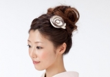 繊細なコットン糸で作り出されたオリジナルの髪飾りです。コットンの優しい色合い、柔らかい素材感が、コーディネートをナチュラルな雰囲気に。小さなパールの輝きもポイントです。
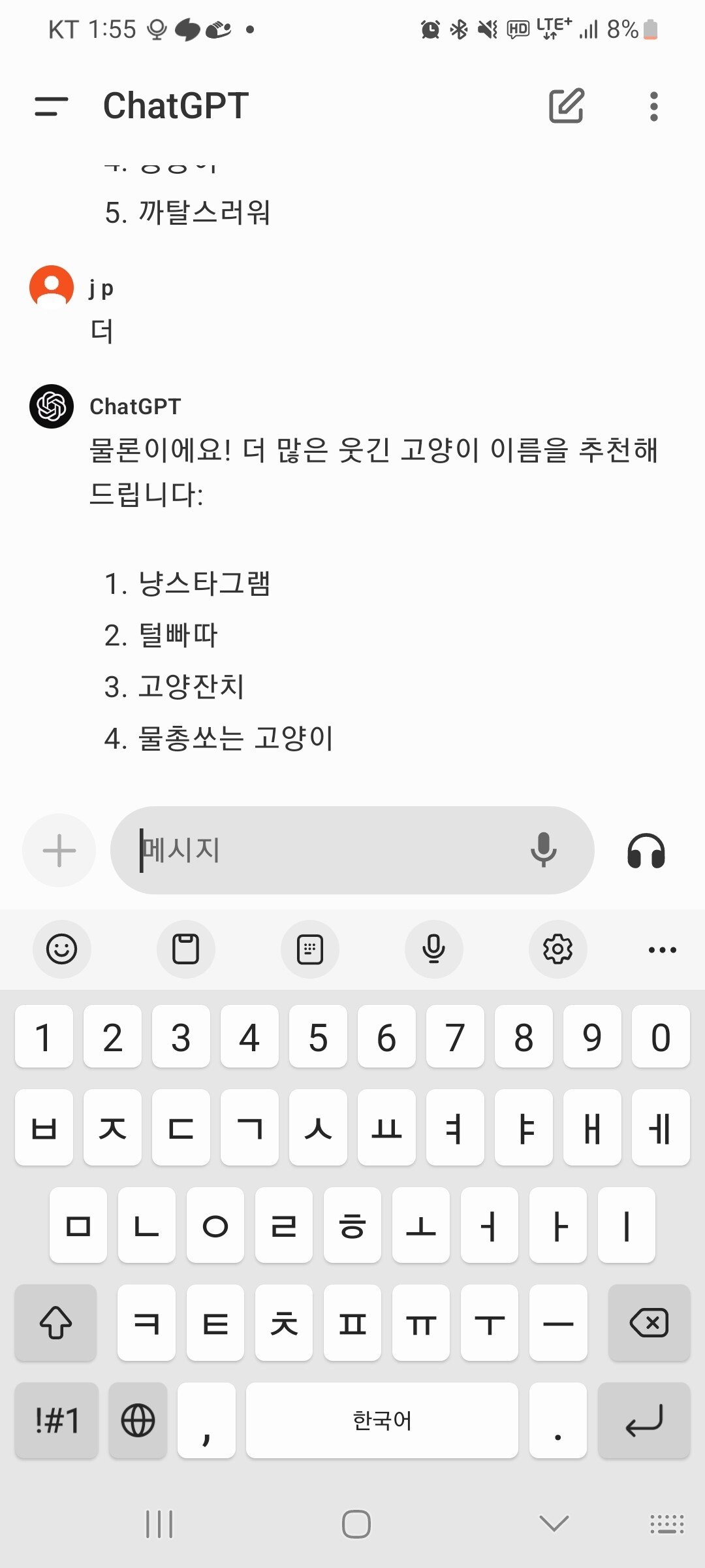 gpt한테 웃긴 고양이 이름 물어봤는데ㅋㅋ
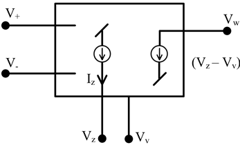 The circuit symbol and equivalent circuit model of the VD-DIBA are shown in Figure 1(a) and Figure 1(b) respectively. The model includes two controlled sources: the current source controlled by differential voltage

====

**Directions for this task**
Skip the pictures, then return the rest of the data exactly.

**Solution to the exercise**
 繊細なコットン糸で作り出されたオリジナルの髪飾りです。コットンの優しい色合い、柔らかい素材感が、コーディネートをナチュラルな雰囲気に。小さなパールの輝きもポイントです。
 gpt한테 웃긴 고양이 이름 물어봤는데ㅋㅋ
 The circuit symbol and equivalent circuit model of the VD-DIBA are shown in Figure 1(a) and Figure 1(b) respectively. The model includes two controlled sources: the current source controlled by differential voltage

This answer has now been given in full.